2008/11/17 Michael Karcher wine@mkarcher.dialup.fu-berlin.de:
Am Montag, den 17.11.2008, 13:09 -0800 schrieb Jeremy Drake:
As far as the "standard OLE file stream object", if you know of one please let me know. AFAIK, it is a pretty major oversight in the OLE IStream APIs that there is not a function to create an IStream given a file (name or handle).
Oops. I just assumed there was one, but you seem to be right.
In shlwapi there is a SHCreateStreamFromFile with A, W and Ex versions when given a filename.
Quite. Also in olectl.h are the error codes that these functions could return. Unfortunately, I think it will be necessary to make some sort of manual translation between the GetLastError returns from the file APIs and these errors. Without spelling out the mappings from the disassembly, it will probably be nearly impossible to get all of the cases exactly right.

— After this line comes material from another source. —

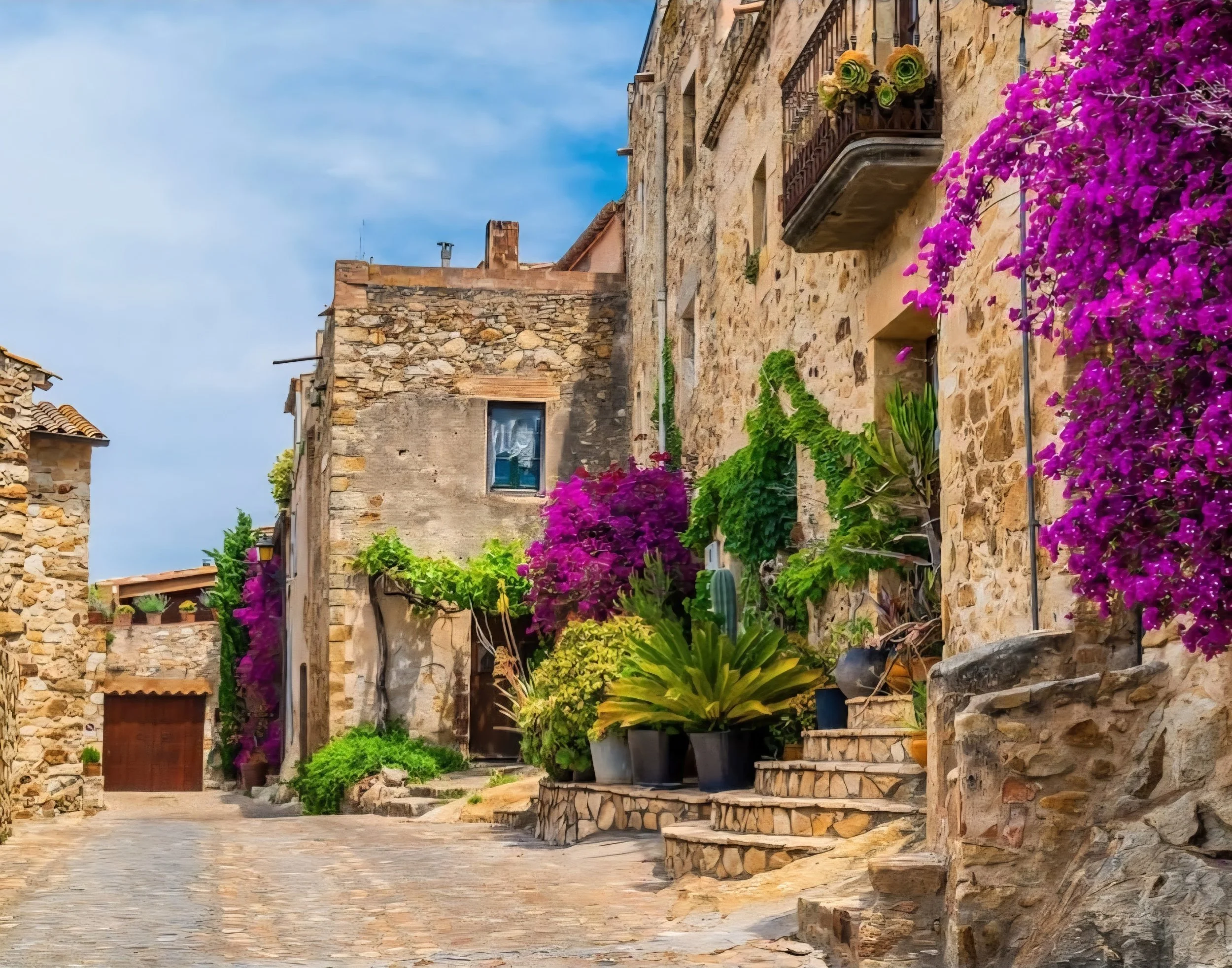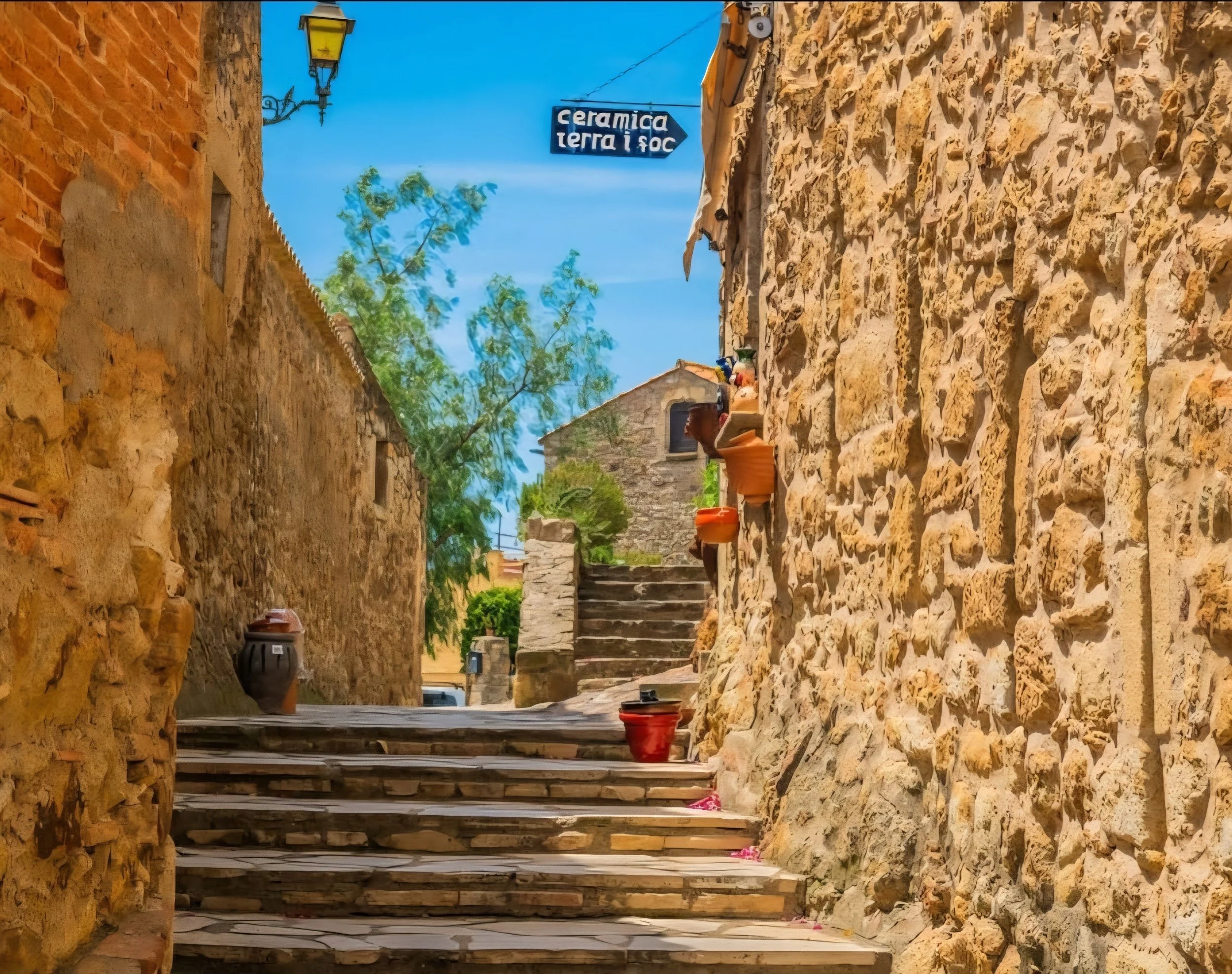 It’s a small medieval town just a bit inland from the Costa Brava, and honestly, it doesn’t look like much on a map. But in person? It’s calm in a way that’s hard to find these days. You park just outside the old centre, walk up the slope, and suddenly you’re surrounded by stone buildings, curved alleyways, and warm terracotta rooftops that feel like they’ve been there forever… because they basically have!

That is fair. Even different Windows versions are some times inconsistent with their error codes. It is more important what conditions exactly count as errors, and what happens to the data pointed to by lplpdispPicture parameter (unchanged / set to NULL / set to a valid object implementing IDispatch and IPicture). Most prominent error codes like "File not found" and "File is not in any supported format" should be checked, but that's it. You shouldn't even have told that the mapping is done directly in OleLoadPictureFile and not some lower layer invoked by OleLoadPictureFile, except if you are sure from a relay trace. Of course, if Wine developers find that *somewhere* error codes seem to be mapped, they are free to do the mapping in OleLoadPictureFile.
There should not be any mapping of error codes, except where tests clearly show what is returned and that does not match what is returned by the APIs being called to implement the function. Some of the errors - such as "file not found" can be handled by the called APIs like SHCreateStreamOnFile. There should still be tests for these codepaths as well.
FWIW, applications are not usually concerned with the specifics of why an API failed, just that it did. This, in addition to Windows changing the return codes every release means that the error codes returned won't make that big a difference; the only error codes you can rely on will be those listed in the MSDN documentation.